The Executive Board of the International Monetary Fund has completed its second review of the Extended Credit Facility (ECF) arrangement for Ghana and has approved $114.6 million for the country after finding performance to be broadly satisfactory.
The $114.6 million brings total disbursements to about $343.7 million.
Mr Min Zhu, IMF Deputy Managing Director, said Ghana’s implementation performance of the $918 million programme, continues to be “broadly satisfactory but the economic outlook remains difficult with risks tilted to the downside.”
The IMF said while it is encouraging that Ghana’s fiscal consolidation efforts are on track and electricity production capacity is gradually being increased, “a wide range of ambitious reforms” would be needed to sustain gains from fiscal consolidation over the medium term including broadening of the tax base and enhancing tax compliance, and enhancing management of the wage bill and public finances.
On public debt, the IMF said that due to Ghana’s large financing needs and tight financing conditions, government’s medium term debt management strategy is a welcome step but needs to be complemented with efforts to deepen the domestic debt market.
“It is also important to continue to adhere to the domestic arrears clearance plan and avoid incurring new domestic or external arrears”
“To help bring inflation down towards its medium-term target, Bank of Ghana (BoG) should stand ready to further tighten monetary policy if inflationary pressures do not recede as expected.

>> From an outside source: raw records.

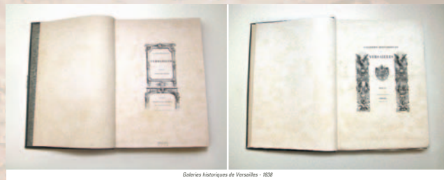
Galerias historiques de Versailles - 1838
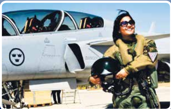
A Gripeneket ezúttal nem svéd pilóták viszik északra

A NATO németországi Uedemben található Egyesített Légvezetési Központjával folyamatos a kapcsolat, riasztás esetén a NATO előírásoknak megfelelő módon gyorsan és hatékonyan képes reagálni a magyar csapat. A szövetség alapokmányában rögzített negyedik és ötödik cikkely következetes szolgálatát ezekben az időkben, amikor az ukrán válság nyomán feltámadó nagyhatalmi erő politika napjait éljük. Vagyis a magyar kötelék jelenléte egyértelműen a Baltikumra nehezedő orosz katonai nyomás „ellensúlyozására” tett NATO-lépések egyike.
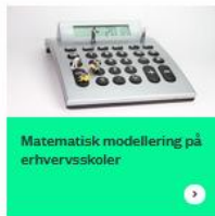
Matematisk modellering på erhvervsskoler
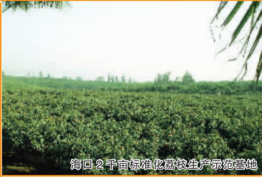
海口2千亩标准化荔枝生产示范基地
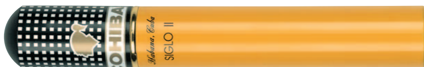
Cohiba Siglo II im Tubo
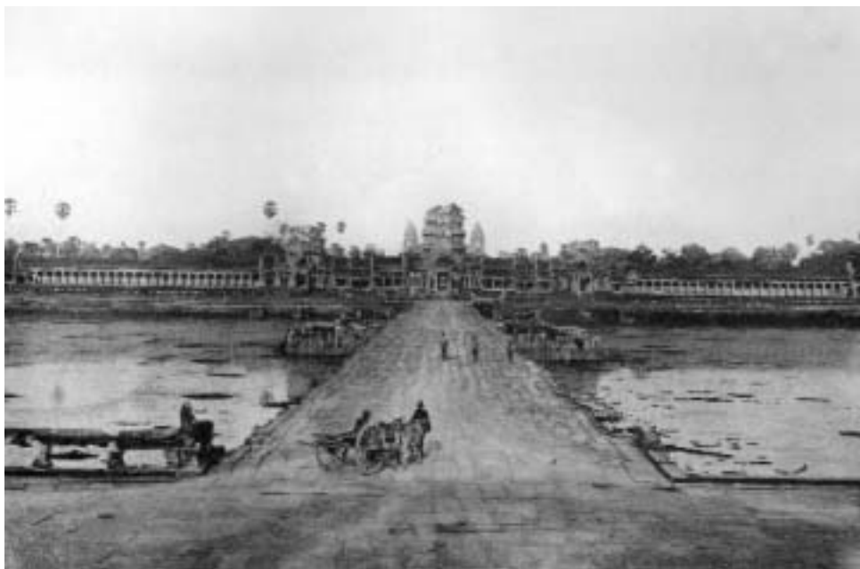
Главный вход в Ангкор-Ват с западной стороны.

родской черты Ангкор-Тхома были раскопаны дамба, канал и отходившие от него, выложенные каменными плитами желоба — остатки гидросистемы Ангкор-Тхома.
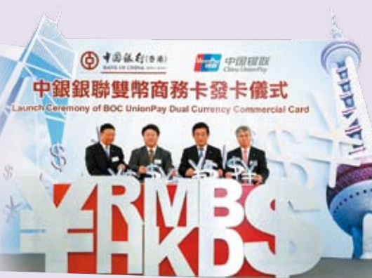
全新「中銀銀聯雙幣商務卡」為企業客戶提供跨境理財及消費的便利

新的「境外銀聯卡繳費」服務，為需要跨境工作及生活的持卡人提供便捷的支付渠道。此外，全新推出的「銀聯雙幣借記卡」服務，讓客戶享受更全面的雙幣現金提款及消費服務。
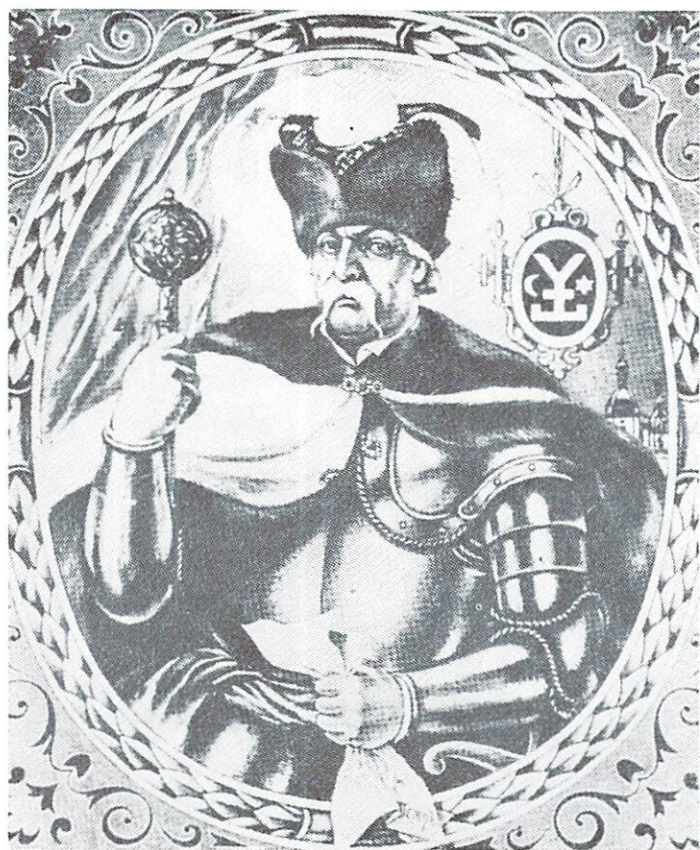
IVAN MAZEPA GRAN GOBERNANTE DEL ESTADO COSACO UCRANIO QUIEN CIFRABA SU AMBICION EN UNIFICAR A UCRANIA Y ASEGURAR SU INDEPENDENCIA

The preparation of an amended Bank of Ghana Act and BoG’s commitment to gradually deepen the foreign exchange market will help make the inflation targeting framework more effective,” the board said on inflation and monetary policy.
The IMF also welcomed the review of Ghana’s banking laws and amendments to the Bank of Ghana Act to improve stability of the financial sector and the inflation targeting framework.